Reputation: 8834
I have a use case where I upload hundreds of file to my S3 bucket using multi part upload. After each upload I need to make sure that the uploaded file is not corrupt (basically check for data integrity). Currently, after uploading the file, I re-download it and compute the md5
on the content string and compare it with the md5
of local file. So something like:
conn = S3Connection('access key', 'secretkey')
bucket = conn.get_bucket('bucket_name')
source_path = 'file_to_upload'
source_size = os.stat(source_path).st_size
mp = bucket.initiate_multipart_upload(os.path.basename(source_path))
chunk_size = 52428800
chunk_count = int(math.ceil(source_size / chunk_size))

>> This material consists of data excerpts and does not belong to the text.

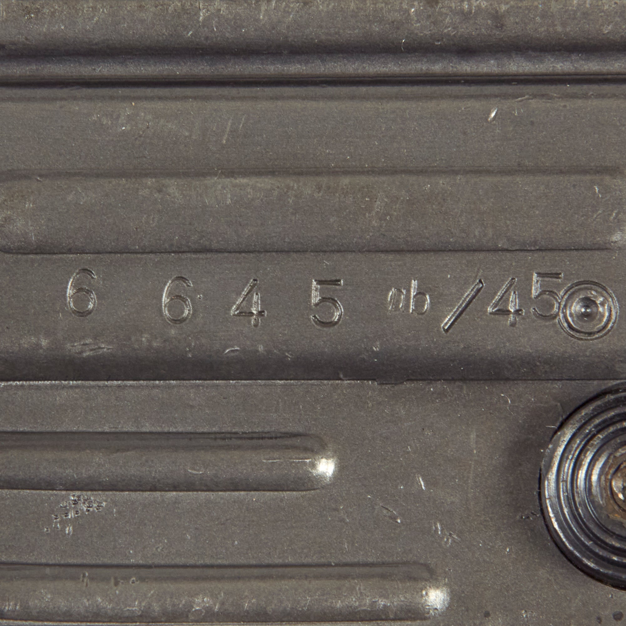 The underside of the hand guard is marked with aqr, for Lux, R. u. O., Metallwaren- und Maschinenfabrik A.-G., located in Marienthal-Bad Liebenstein/Thuringen. This was another known maker of MP44 parts. The trigger group is serial numbered 6568, but we were not able to find any maker code. However, the left front side of the trigger group is marked with Waffenamt WaA21, which is a known inspection stamp seen on MP44 / STG44 trigger groups, but has not been identified. The gas piston / operating rod is marked with alv, for maker Gerhard Adam, located in Oskau-Friedrichsdorf, part of the So-called Sudetenland. This maker has also been seen on MP 44 magazine housings. The large number of different makers involved with making this gun shows just how important it was to the war effort.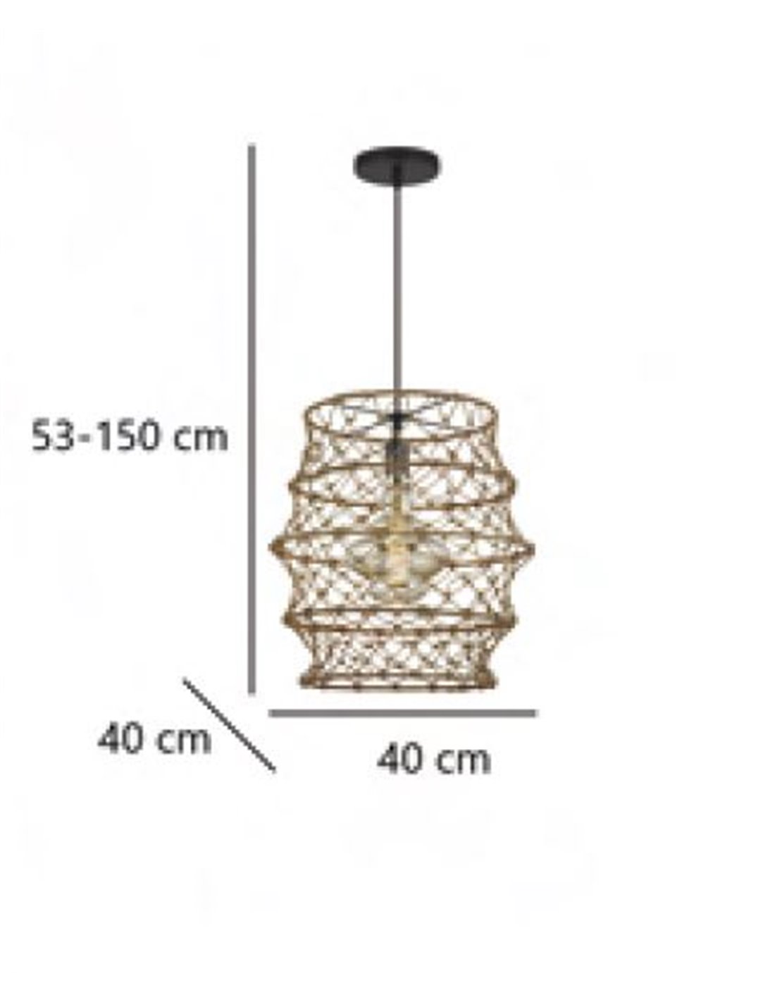 It has a diameter of 40 cm and an adjustable height between 53 and 150 cm, allowing you to customise the height according to the specific needs of the space. It is perfect for living areas, over dining tables or in entrance areas, where its presence will be both a focal point and an effective source of illumination.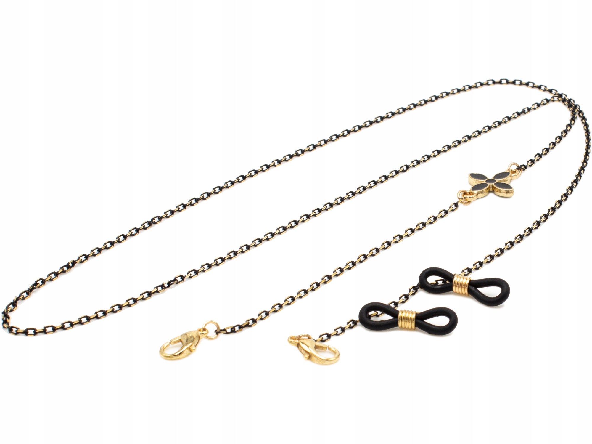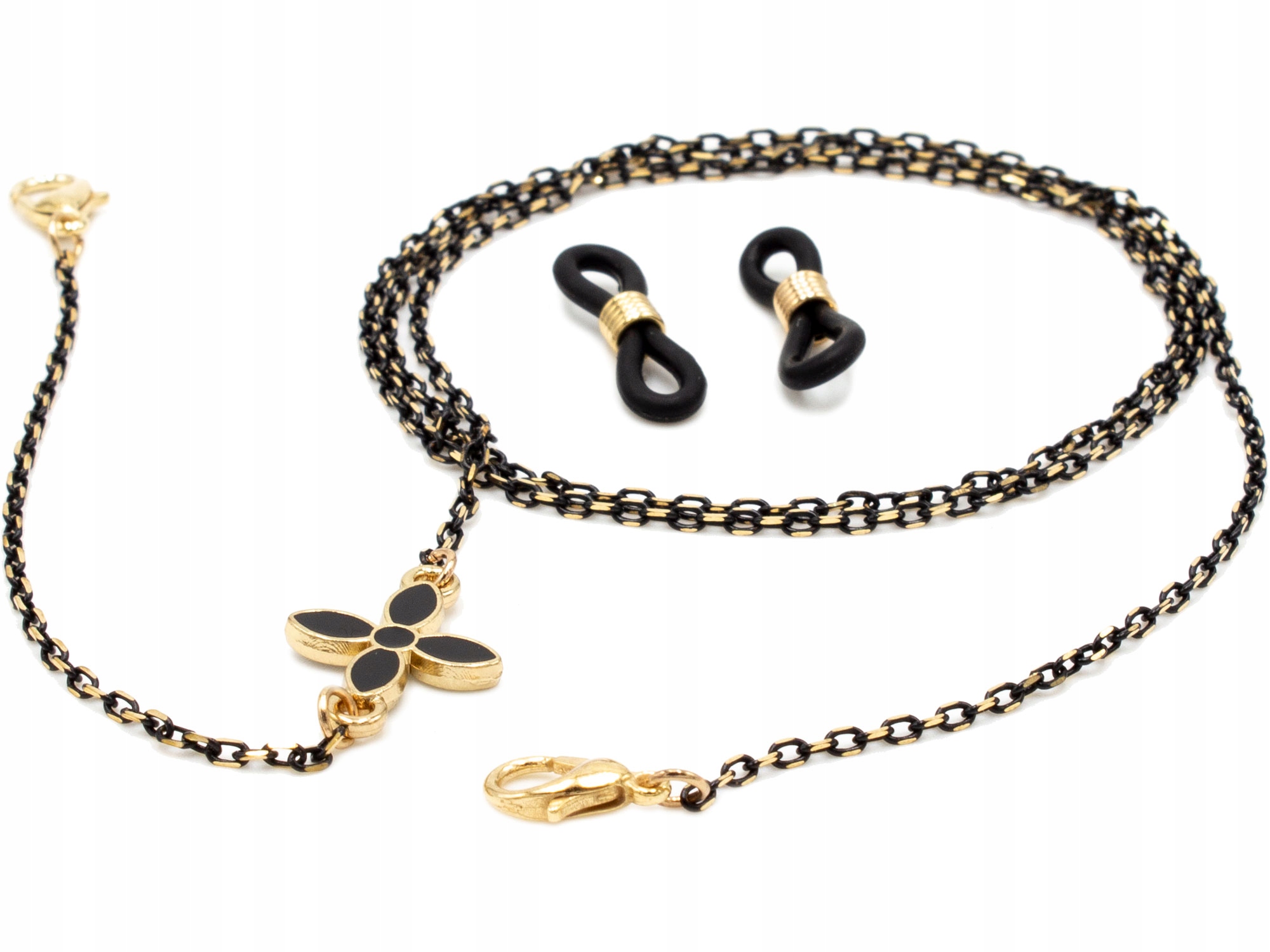 Наша цепочка для очков – это модный аксессуар, который добавит стиль и подчеркнет ваш образ. Цепочка – это не только красивое украшение, но, прежде всего, она защищает ваши очки: резиновые клипсы на концах цепочки предотвращают появление царапин на дужках очков. Благодаря застежкам на обоих концах цепочки ее также можно использовать для масок. Украшен цветком на одной стороне цепочки.

for i in range(chunk_count + 1):
offset = chunk_size * i
bytes = min(chunk_size, source_size - offset)
with FileChunkIO(source_path, 'r', offset=offset, bytes=bytes) as fp:
mp.upload_part_from_file(fp, part_num=i + 1, md5=k.compute_md5(fp, bytes))
mp.complete_upload()
obj_key = bucket.get_key('file_name')
print(obj_key.md5) #prints None
print(obj_key.base64md5) #prints None
content = bucket.get_key('file_name').get_contents_as_string()
# compute the md5 on content
This approach is wasteful as it doubles the bandwidth usage. I tried
bucket.get_key('file_name').md5
bucket.get_key('file_name').base64md5
but both return None.
Is there any other way to achieve md5
without downloading the whole thing?
Upvotes: 18
Views: 23594
Reputation: 22332
You can recover md5
without downloading the file, from e_tag
attribute, like that:
boto3.resource('s3').Object(<BUCKET_NAME>, file_path).e_tag[1 :-1]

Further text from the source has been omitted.